Amazon Web Services (AWS) offers the broadest and deepest functionality for compute and storage resources, including high-performance computing (HPC). However, researchers can find it challenging to consume without foundational knowledge of AWS. They want simple and efficient ways of running their research workloads, where it’s easy to provision scalable research environments, run their workloads, and have a complete view of the costs.
To address these customer requirements, Relevance Lab developed Research Gateway, a solution that simplifies access to high-performance computing on AWS and makes it easy for researchers to provision and use HPC resources.
Research Gateway simplifies access to HPC clusters using a self-service portal, making provisioning and configuration of an elastic cluster easy for researchers. This helps them focus on the research itself, while leveraging AWS ParallelCluster for their scientific computing.
Relevance Lab is an AWS Select Tier Services Partner and AWS Marketplace Seller that’s a platform-led services company specializing in cloud, DevOps, automation, analytics, and digital transformation.
In this post, we provide an overview of the Research Gateway solution architecture and standard AWS HPC research workflow. Focusing on a single use case, the post includes a walkthrough of how to access Research Gateway, provision products required to build an HPC stack on AWS, and run GROMACS analysis. We also demonstrate how to view the outputs and dive deep on the cost components of this workload.
Solution Overview
The Research Gateway architecture allows products to be provisioned in minutes in a simple interface that’s easy to navigate and use by researchers. The Research Gateway instance is deployed using Amazon Elastic Kubernetes Service (Amazon EKS) and acts as the orchestration layer, providing capabilities to manage research projects.
Each project can be managed in a separate AWS account to provide granular governance and control, based on the administrative unit. Figure 1 shows the architecture diagram for an HPC environment (AWS ParallelCluster) deployed through Research Gateway.
Figure 1 – Research Gateway architecture with AWS ParallelCluster.
- Access research environments in minutes, with user sign-up, authentication, and federation provided by Amazon Cognito and third-party identity providers. With a simple interface, administrators and lead researchers manage researcher permissions and accounts, as well as workspace permissions.
- Ease of access through self-service mechanism to deploy repeatable pre-built templates comprising infrastructure, application, and workflow components. A self-service catalog built on AWS Service Catalog is presented to end users to find and deploy approved IT templates and AWS Marketplace products.

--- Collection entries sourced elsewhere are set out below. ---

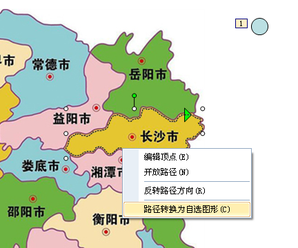 3、在小球的運動路徑上單擊鼠標右鍵,在彈出的快捷菜單里單擊“路徑轉換為自選圖形”命令(如圖6),即可得到一個與長沙市輪廓相同的不規則自選圖形(如圖7)。如果只想保留輪廓線,在自選圖形上雙擊鼠標,在彈出的“設置對象格式”對話框里將其填充顏色設為“無填充顏色”即可。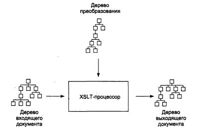 Процессор получает входящий документ и преобразование, и, применяя правила преобразования, генерирует выходящий документ – такова в общем внешняя схема картины. На самом деле процессор оперирует не самими документами, а древовидными моделями их структур – именно структурными преобразованиями занимается XSLT, оставляя за кадром синтаксис, который эти структуры выражает.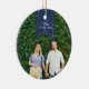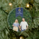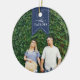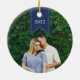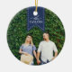 Personalise this elegant ceramic ornament with a photo on each side to commemorate a special year. Customise the front with your family name in white on a navy blue ribbon banner, and add the year to the back.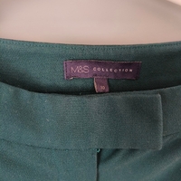 Suorat housut, tummanvihreät, siistit, mutta melko paljon käytetyt. Pientä nukkaantumista haarassa. Muuten hyvässä kunnossa. Ostettu käytettynä, itselle liian pienet. Kangas on sen verran pehmeää, että sen pintaan jää helposti kiinni pölyä yms.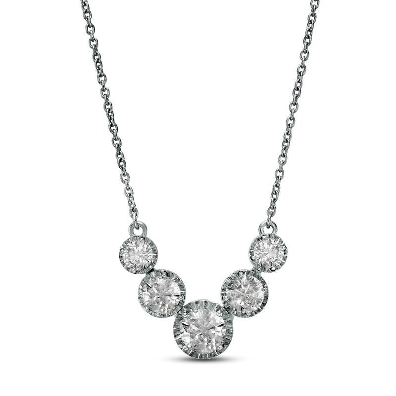 Natural Diamonds Amplified 1 CT. T.W. Natural Diamond Five Stone Necklace in 10K White Gold

- Secure access for users and administrators to access project resources using browser-based interfaces, secured by Secure Shell (SSL). To make this process scalable and reliable, the solution uses AWS WAF, AWS Certificate Manager, and Application Load Balancer. Finally, Amazon CloudFront is used to improve performance by lowering the latency between the keyboard and the web server.

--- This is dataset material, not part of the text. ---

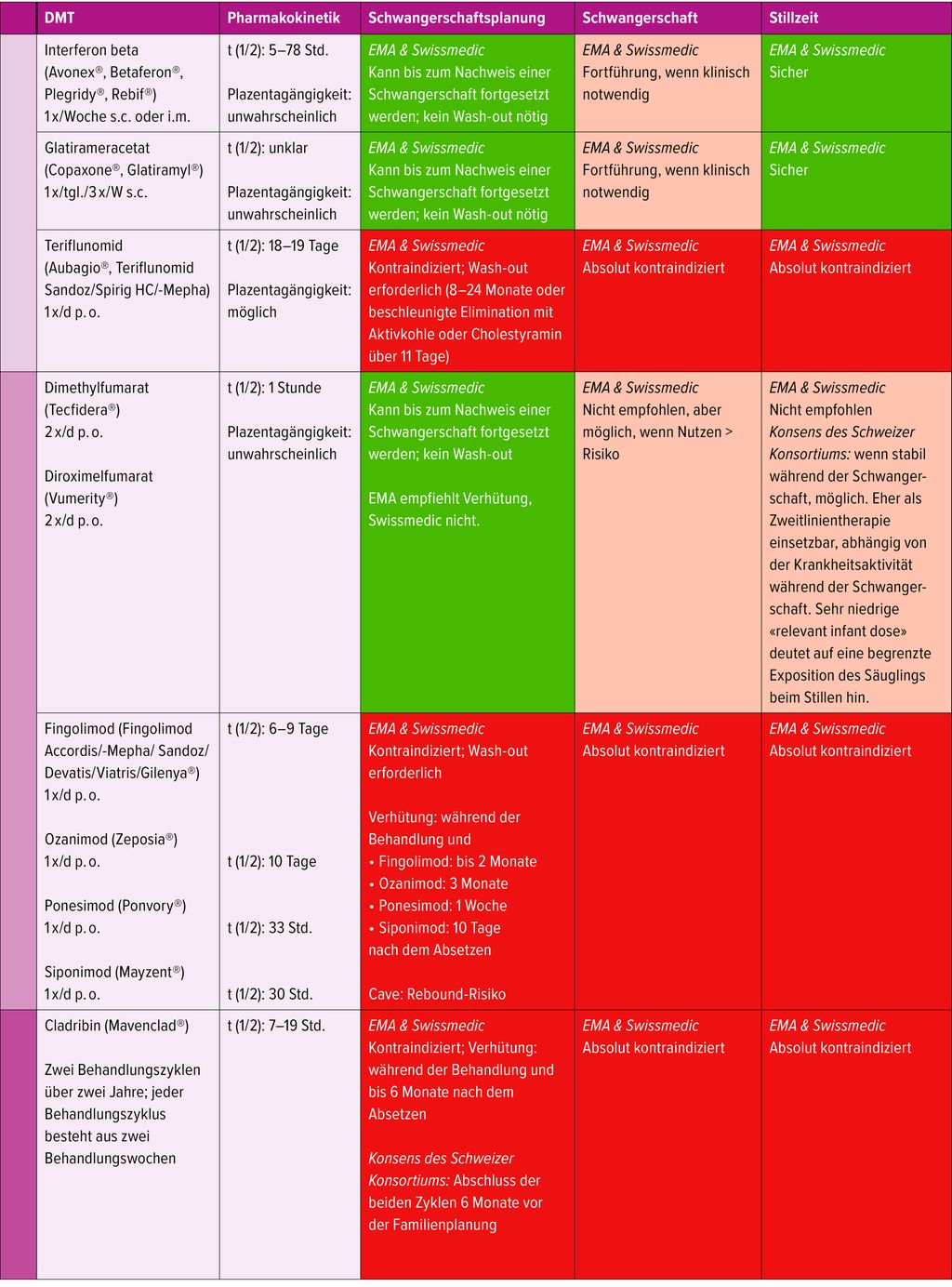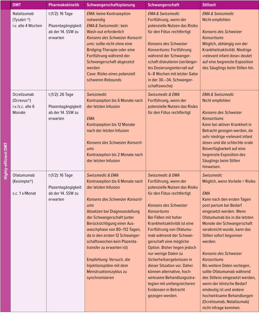 Tab. 1: Die zulässige MS-Therapie vor und während der Schwangerschaft richtet sich in Europa nach den Empfehlungen der EMA (European Medicines Agency), die jedoch nicht immer mit denen von Swissmedicübereinstimmen. Beide Behörden verfolgen einen eher konservativen Ansatz, da nur wenige Studien zu Sicherheitsdaten in der Schwangerschaft vorliegen. Unter Berücksichtigung pharmakologischer Daten (insbesondere Halbwertszeiten) sowie neuer Evidenz, etwa bei Patientinnen, bei denen während der Therapie eine ungewollte Schwangerschaft auftritt, beauftragte 2024 ein Konsortium aus der Schweizerischen Multiplen Sklerose Gesellschaft, der Schweizerischen Neurologischen Gesellschaft und der Schweizerischen Gesellschaft für Gynäkologie und Geburtshilfe eine interdisziplinäre Schweizer Autorengruppe mit der Aufbereitung der aktuellsten evidenzbasierten Daten

- Cost transparency and spend controls using AWS Budgets and AWS Cost Explorer to track projects, researchers, products, and pipelines. Consumption guardrails are implemented at the project level to flag any breach of project budgets and trigger pause or datasets for a project.
- Tertiary analysis with interpretation and deep learning using Genomics Data Lake integration, RStudio, and Amazon SageMaker.
- Reduction in time to research by selecting commonly-used pipelines that are pre-configured to execute on AWS Batch.
- Reuse of existing pipeline code by bringing their own code through AWS CodeCommit or containers from Amazon Elastic Container Registry (Amazon ECR).
- Environment monitoring, governance, and observability implemented through Amazon CloudWatch and AWS CloudTrail with the ability to integrate with customer enterprise systems.
Project Storage on Amazon S3
Amazon Simple Storage Service (Amazon S3) is an object storage service that offers high-throughput data ingestion, cost-effective storage options, secure access, and efficient searching.
Research Gateway creates a shared project storage backed by Amazon S3 on a per-project basis for its users, who can also assign datasets to a project in this storage system. This means customers can use public datasets hosted in the AWS Open Data Sponsorship Program by default.
Researchers can also bring large on-premises datasets on board using AWS DataSync or upload files using the user interface (UI).
High-Speed File System on Amazon FSx for Lustre
Amazon FSx for Lustre provides fully managed shared storage with the scalability and performance of the popular Lustre file system.
Research Gateway makes it easy for users to create an FSx for Lustre file system and populate it with data from an Amazon S3 bucket. This storage can be accessed with low (sub-millisecond) latencies by the compute instances in the HPC cluster, and can provide up to 1,000 MBps/TiB of disk throughput.
In addition, Amazon FSx for Lustre takes care of administrative tasks such as patching, backups, and maintenance. With FSx for Lustre, users can quickly deploy and configure Lustre file systems without having to manage complex underlying operations.
HPC Deployment with AWS ParallelCluster
AWS ParallelCluster is an open-source cluster management tool written using Python and is available via the standard Python Package Index (PyPI). Version 3.X also provides support for APIs and Research Gateway leverages this to integrate with the AWS Cloud to set up and use the HPC cluster for complex computational tasks.
AWS ParallelCluster supports two different schedulers, AWS Batch and Slurm, which cover a vast majority of the requirements in the field. ParallelCluster brings many benefits including scalability, manageability of clusters, and seamless migration to the cloud from on-premises HPC workloads.
Visualization with NICE DCV
NICE DCV is a high-performance remote display protocol used to deliver remote desktops and application streaming from resources in the cloud to any device. Users can leverage this for their visualization requirements.
NICE DCV on AWS provides a highly secure infrastructure that includes features such as data encryption, secure connectivity, and access control. It also has the ability to transfer pixels efficiently, resulting in a fast and responsive user experience.
In addition, NICE DCV on AWS helps organizations reduce costs by only paying for the underlying infrastructure consumption so they don’t have to pay for any license fees.
Running and Visualizing an HPC Application on Research Gateway
Now, let’s go through the process of deploying a scalable HPC system on AWS with flexible sharing mechanisms across team members and cost guardrails.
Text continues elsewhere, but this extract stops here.